According to Insider, a team of employees created a version of the site’s homepage which featured Black Lives Matter as the headline. They were then told by the director. who had not been previously involved in the project, to change the text to a new “approved copy”, which featured the phrase ‘all lives matter’.
The director then reportedly said, “we are not writing Black Lives Matter. That’s not where we’re at.”
While the homepage with ‘Black Lives Matter’ was ultimately selected, the employees had to create two mock up homepages, one featuring Black Lives Matter and one with ‘all lives matter’. One employee involved told Business Insider the discussion and project made them feel “triggered and traumatised.”
“After all of these Black employees, all these people of color, said we cannot go forward with this and please don’t make us have to mock this up for you, and her saying we have to do it — it was a very traumatic experience.”
After apologising to staff on a 200 person Zoom call, the director then left the company.
A number of companies have been accused of capitalising on the Black Lives Matter movement since Floyd’s murder and the resulting protests.
For example, publication France24 pointed out that while companies like Microsoft and Amazon both posted Black Lives Matter messages to social media, only 4.4 per cent of Microsoft’s total, global workforce is Black . For Amazon, while 60 per cent of warehouse and delivery workers are people of colour, only eight per cent of US managers are Black. Almost 60 per cent are white.
Sharon Chuter, beauty executive and founder of UOMA, started the Pull Up For Change campaign, where she called for brand transparency about the number of Black employees in executive roles.
“These companies need to focus on what they’re doing in terms of their ecosystems right now,” Chuter told Fashionista in September 2020.
“What are you doing in terms of anti-bias training, educating [employees and executives] about racism, looking at your structure, your rules, your policies to make sure that you’re an environment that can foster people from different backgrounds?”
Lululemon shared a post on their Instagram in May 2020 reading: “This matters. So we’re speaking up” on a black background.
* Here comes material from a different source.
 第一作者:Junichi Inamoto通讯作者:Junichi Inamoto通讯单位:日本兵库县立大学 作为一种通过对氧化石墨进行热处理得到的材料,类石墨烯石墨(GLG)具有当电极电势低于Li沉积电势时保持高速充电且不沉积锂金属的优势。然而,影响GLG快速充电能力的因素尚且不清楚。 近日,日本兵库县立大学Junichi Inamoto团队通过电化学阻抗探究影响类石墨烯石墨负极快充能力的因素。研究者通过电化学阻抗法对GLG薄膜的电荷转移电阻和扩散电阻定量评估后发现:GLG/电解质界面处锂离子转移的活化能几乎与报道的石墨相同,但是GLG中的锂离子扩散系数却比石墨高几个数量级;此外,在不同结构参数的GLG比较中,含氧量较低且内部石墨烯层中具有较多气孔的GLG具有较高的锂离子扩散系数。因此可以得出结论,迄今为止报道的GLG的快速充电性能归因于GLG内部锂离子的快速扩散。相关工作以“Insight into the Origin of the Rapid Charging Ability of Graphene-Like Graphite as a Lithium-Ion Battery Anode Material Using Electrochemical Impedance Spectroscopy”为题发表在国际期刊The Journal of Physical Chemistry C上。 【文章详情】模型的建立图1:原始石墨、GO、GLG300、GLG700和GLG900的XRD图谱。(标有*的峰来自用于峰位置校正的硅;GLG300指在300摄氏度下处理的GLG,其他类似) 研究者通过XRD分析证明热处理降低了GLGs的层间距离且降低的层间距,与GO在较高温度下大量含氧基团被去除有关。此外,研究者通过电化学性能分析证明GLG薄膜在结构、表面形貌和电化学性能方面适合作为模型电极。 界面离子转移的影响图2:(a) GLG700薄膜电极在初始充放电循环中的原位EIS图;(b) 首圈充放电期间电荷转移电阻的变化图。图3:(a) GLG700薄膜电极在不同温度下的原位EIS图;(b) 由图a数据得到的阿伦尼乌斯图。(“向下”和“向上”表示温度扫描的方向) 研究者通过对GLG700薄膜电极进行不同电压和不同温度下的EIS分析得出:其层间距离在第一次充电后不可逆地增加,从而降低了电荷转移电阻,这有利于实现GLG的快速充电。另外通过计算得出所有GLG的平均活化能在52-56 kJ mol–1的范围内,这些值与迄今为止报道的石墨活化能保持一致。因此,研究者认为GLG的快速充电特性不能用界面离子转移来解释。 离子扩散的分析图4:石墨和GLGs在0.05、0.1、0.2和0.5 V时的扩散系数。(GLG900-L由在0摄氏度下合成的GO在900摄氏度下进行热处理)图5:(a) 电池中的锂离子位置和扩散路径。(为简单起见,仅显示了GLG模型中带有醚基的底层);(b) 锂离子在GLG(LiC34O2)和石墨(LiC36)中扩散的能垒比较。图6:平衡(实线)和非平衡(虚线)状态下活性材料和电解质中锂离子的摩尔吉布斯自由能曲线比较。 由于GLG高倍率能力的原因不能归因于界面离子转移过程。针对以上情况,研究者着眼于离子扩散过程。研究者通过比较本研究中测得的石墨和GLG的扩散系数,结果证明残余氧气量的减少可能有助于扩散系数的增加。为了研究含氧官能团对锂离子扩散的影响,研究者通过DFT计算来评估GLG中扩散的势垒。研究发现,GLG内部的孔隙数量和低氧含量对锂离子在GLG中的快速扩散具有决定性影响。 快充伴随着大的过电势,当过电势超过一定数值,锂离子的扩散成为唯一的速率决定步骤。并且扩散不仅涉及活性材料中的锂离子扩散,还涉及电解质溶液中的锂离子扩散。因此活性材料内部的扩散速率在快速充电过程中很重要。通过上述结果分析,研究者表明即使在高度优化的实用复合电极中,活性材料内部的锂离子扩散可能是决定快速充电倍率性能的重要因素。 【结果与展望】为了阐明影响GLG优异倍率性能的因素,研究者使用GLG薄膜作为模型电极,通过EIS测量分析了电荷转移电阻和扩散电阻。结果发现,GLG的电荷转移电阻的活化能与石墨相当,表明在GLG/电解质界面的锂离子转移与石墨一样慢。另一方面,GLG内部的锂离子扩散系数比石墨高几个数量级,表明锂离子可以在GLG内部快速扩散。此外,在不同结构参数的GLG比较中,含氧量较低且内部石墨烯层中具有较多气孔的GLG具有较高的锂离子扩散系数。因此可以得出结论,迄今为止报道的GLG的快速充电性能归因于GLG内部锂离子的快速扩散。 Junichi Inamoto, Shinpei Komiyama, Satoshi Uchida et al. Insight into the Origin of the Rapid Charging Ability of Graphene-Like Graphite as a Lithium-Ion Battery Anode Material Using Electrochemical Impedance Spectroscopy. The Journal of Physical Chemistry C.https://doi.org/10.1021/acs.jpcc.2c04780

View this post on Instagram
In the caption, they wrote, “we haven’t always got it right. Over the years it made us question if we had a right to speak up. And we are privileged to have a voice and a platform. So…Know we are not indifferent. Far from it. We are passionate about every single human being valued. For this to happen we need to take action.”
They subequently announced their intention to donate $100,000 to the Minnesota Freedom Fund.
The caption also read, “we know that to be a stand against inequity and injustice of any kind, we all need to do so much more.”
“You have our commitment we will.”
Stacia Jones, head of inclusion, diversity, equity and action at the brand told Insider “we are proud of the progress we are making to become more diverse, inclusive and equitable across all aspects of the employee experience, from recruiting and hiring to leadership and development.”
“While we are still early in our journey, we are fully committed to the tangible steps we’re taking that will help create systemic change so that we truly reflect the communities that we serve.”